The systematic search strategy led to 753 publications from the database “PubMed” and 1353 publications from the database “Web of Science” for a total of 2106 publications. Out of these, 595 publications were duplicates. The abstracts of the 1511 remaining publications were screened for eligibility according to the exclusion criteria and of those, 19 publications were considered to be of relevance for the systematic review. Out of these publications, 2 were reviews and 17 were research studies. Of those, 1 publication was a retrospective study, 1 publication was a case study, and 15 publications were experimental studies.
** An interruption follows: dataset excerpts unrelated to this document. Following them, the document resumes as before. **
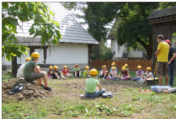
Régészhet a Székely Nemzeti Múzeumban

A kézdivásárhelyi Incze László Céhtörténelmi Múzeum a palócok mindennapjait bemutató kiállítást nyitott ( Kocsira ládám, hegyibe párnám... Ácsolt és festett ládák a Palócföldről ), illetve két kiállítással is megemlékezett a Reformáció ünnepéről ( A Vizsolyi Biblia 425 éve, Reformáció 500 ).
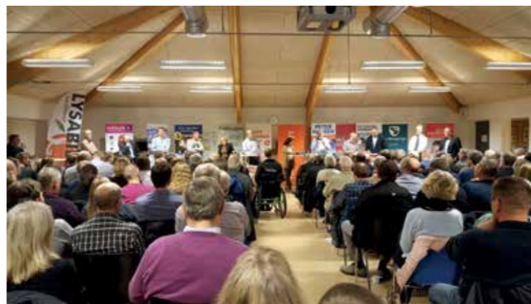
Landsbyrådene takker for den overvældende opbakning, der var til vælgermødet på Lysabild Skole den 9. november.

Alle arrangementer foregår i LSG's Klubhus kl. 13.30 hvis ikke andet er nævnt.
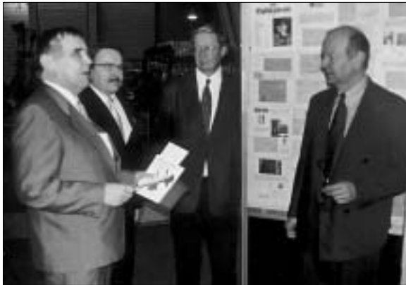
Vpl. Pyhäjärvi-kokoelman sivuja postimerkkimessujen näyttelyssä.
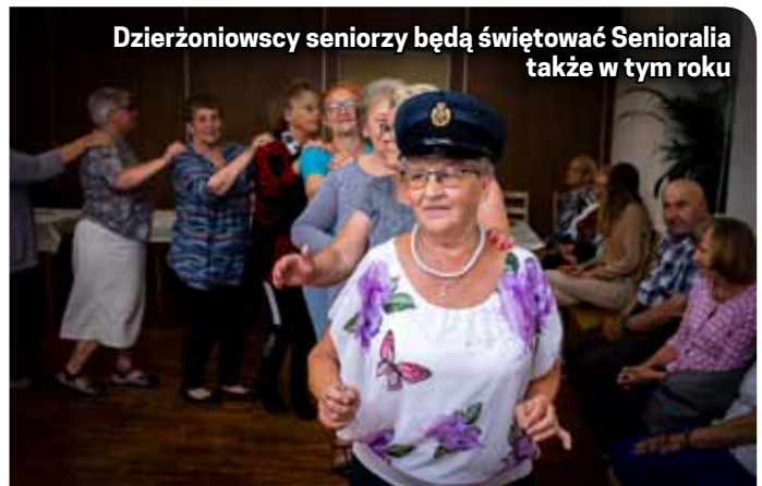
Dzierżoniowscy seniorzy będą świętować Senioralia także w tym roku

ludzkich, sprzętu ortopedycznego itp., a nie używają go, bo nie mają takiej potrzeby, będą mogli podzielić się nim z tymi, którym jest on niezbędny, i którym utatwi on funkcjonowanie na co dzień.
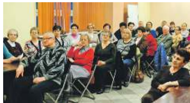
Otwarte prelekcje odbyły się w ramach zajęć Powiatowego Uniwersytetu Trzeciego Wieku

– Każdy z nas może być uczestnikiem wypadku, może być ofiarą przestępstwa. To o czym codziennie czytamy i słuchamy za pośrednictwem środków masowego przekazu, to nie są
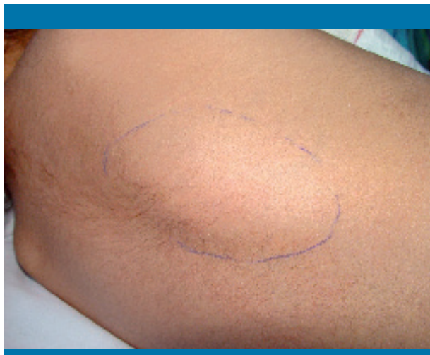
Figura 1. Formación paraespinal derecha
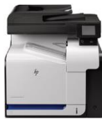
HP LaserJet Pro 500 color MFP M570 -sarja
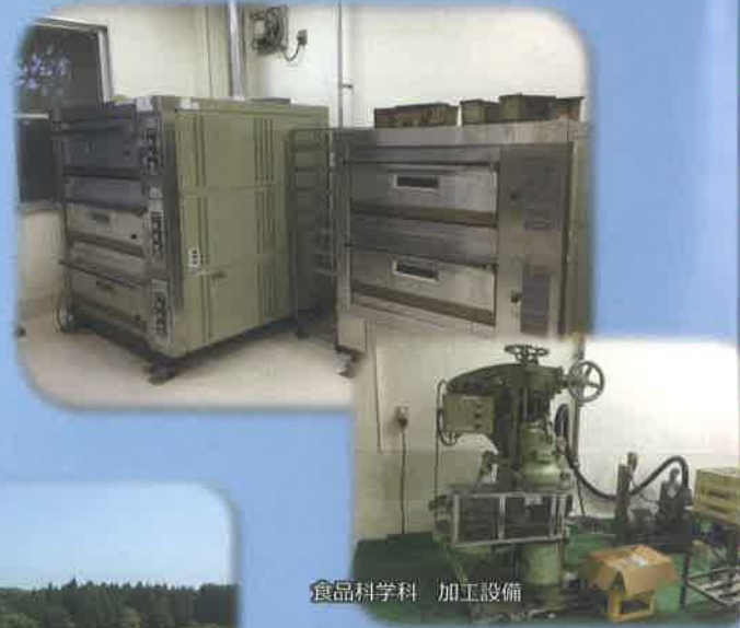
食品科学科 加工設備
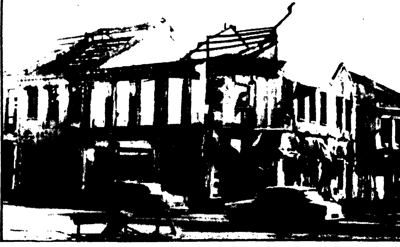
KUALA LUMPUR — Nonostante il coprifuoco permanente, continuano per le strade della capitale malese i sanguinosi scontri. Nella foto: un aspetto di un quartiere periferico di Kuala Lumpur dopo una delle tante battaglie di strada.

Continuano gli scontri nelle vie della città - Il governo minaccia la legge marziale per far fronte allo spostamento a sinistra registratosi fra la popolazione cinese nelle recenti elezioni
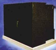
组合式变压器-美式箱变
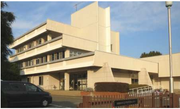
J R 横浜線矢部駅から至近の相模原市青少年学習センターで開催しました。
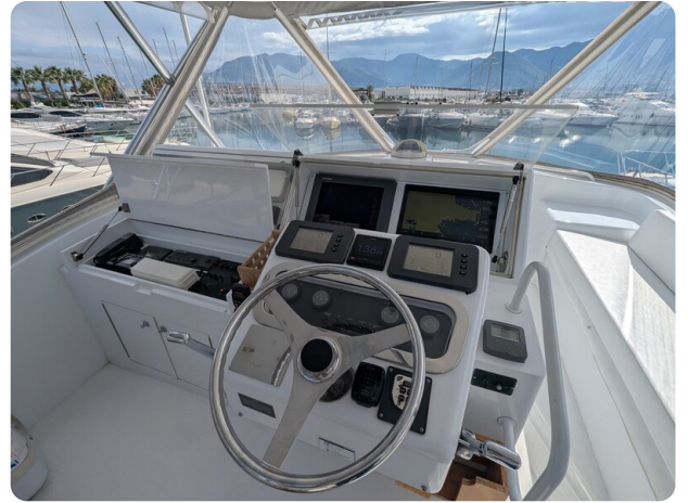
Hatteras 50 helm detail
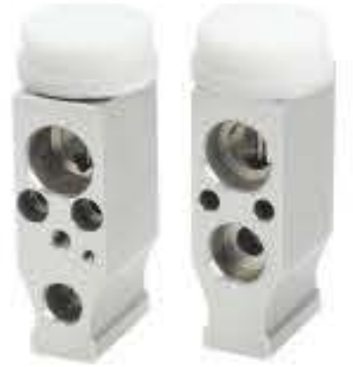
RG-58475 RCH6503 东风风行CM7前置 ALQAM40301
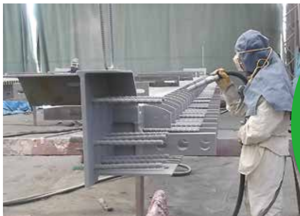
サンドブラスト作業風景

塗装がムラにならないよう、鉄の表面を均一にする事が難しく、長年の経験と匠の技で仕上げます。
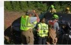
Rescue and evacuation
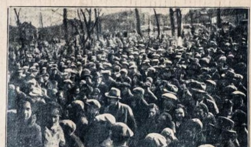
Kanadoje Alkanųjų Maršavimo Susirinkimas Hamiltono mieste, sausio 14 d., 1933. Dalyvauja 6,000 darbininkų

Darbininkai, kurie streikuoja, gerai laikosi. Pikieto eilės stiprios. Streikas dar vis plečiasi.
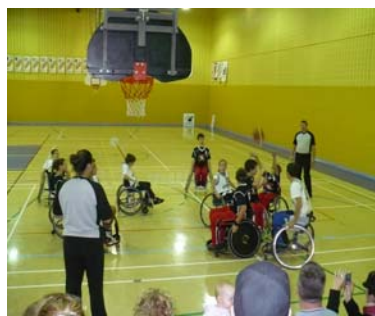
Les joueurs en pleine action!

Le dimanche, tous les joueurs retrouvaient leur équipe pour participer au premier tournoi de la Ligue provinciale de mini-
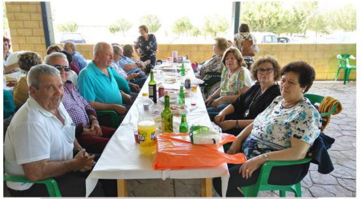
GRUPO DE CORRALES
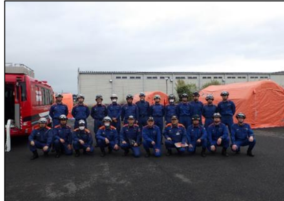
【訓練後の記念撮影】
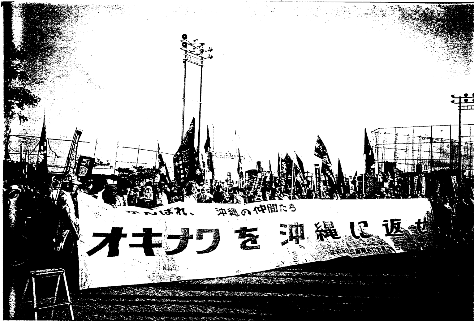
二十五年前復歸日本時所喊的口號是「把沖繩還給日本！」，今年所訴求的口號卻是「把沖繩還給沖繩！」。
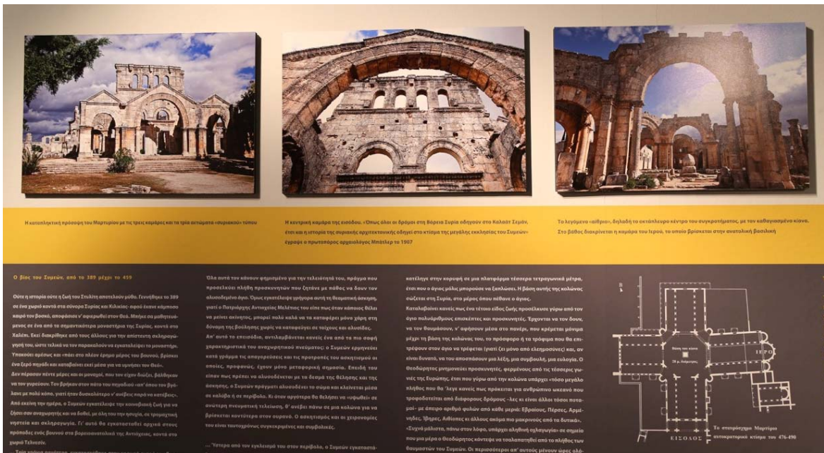
Η κατασκευή πρόδρομο του Μαρτυρίου με τις τρεις κρήνες και τα τρία αψιδωτά «φρονιολόγια» του.
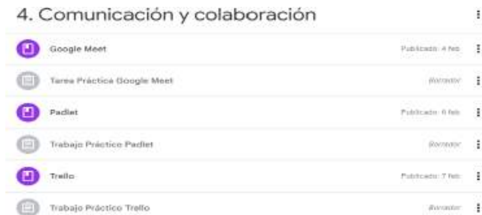
Figura N° 11. Del Módulo 4. Comunicación y colaboración

Nota. La siguiente figura muestra al módulo 4 de la capacitación con sus respectivas herramientas que incluye.
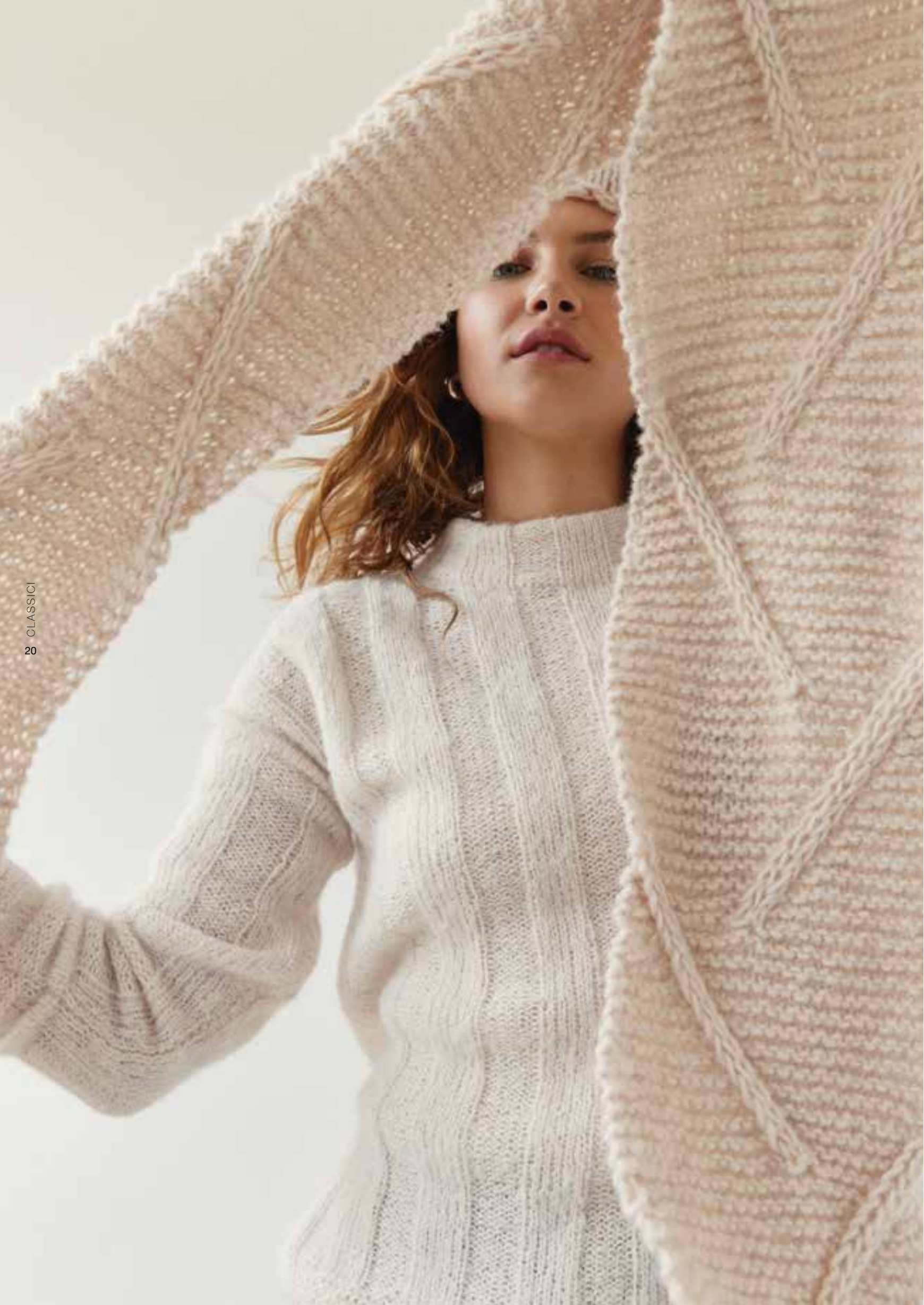
13 + 14 – Mütze und XXL-Schal ECOPUNO CHUNKY, Pullover – SETASURI von Seite 18/19

3.2. Characteristics of the Publications

Figure 1 and Table 2 and Table 3 provide the general characteristics of the 19 publications obtained from the search. Information on year of publication, journal, animal species studied, country of the study, and country of the first author main affiliation are described. The earliest publication was published in 2009, while all the remaining 18 publications were published starting from 2015 onward with 66.7% of them published between 2015 and 2019 and 33.3% of them only in the last two years (i.e., 2020–2021).
The most studied animal species was elephant (36.8%) followed by primate species (e.g., gorilla, orangutan, and lemur – 21%) with 21% of the publications investigating more than one species. Specifically, mammals – class: Mammalia – was the group mainly represented in the publications (89.5%) followed by birds – class: Aves (21%). The leading peer-reviewed journals with the highest percentage of publications were Zoo Biology (31.5%) and Animals (26.1%), representing together more than half of the total publications. The most represented country of the study and first author main affiliation was USA (63.1%) followed by Australia (10.5%).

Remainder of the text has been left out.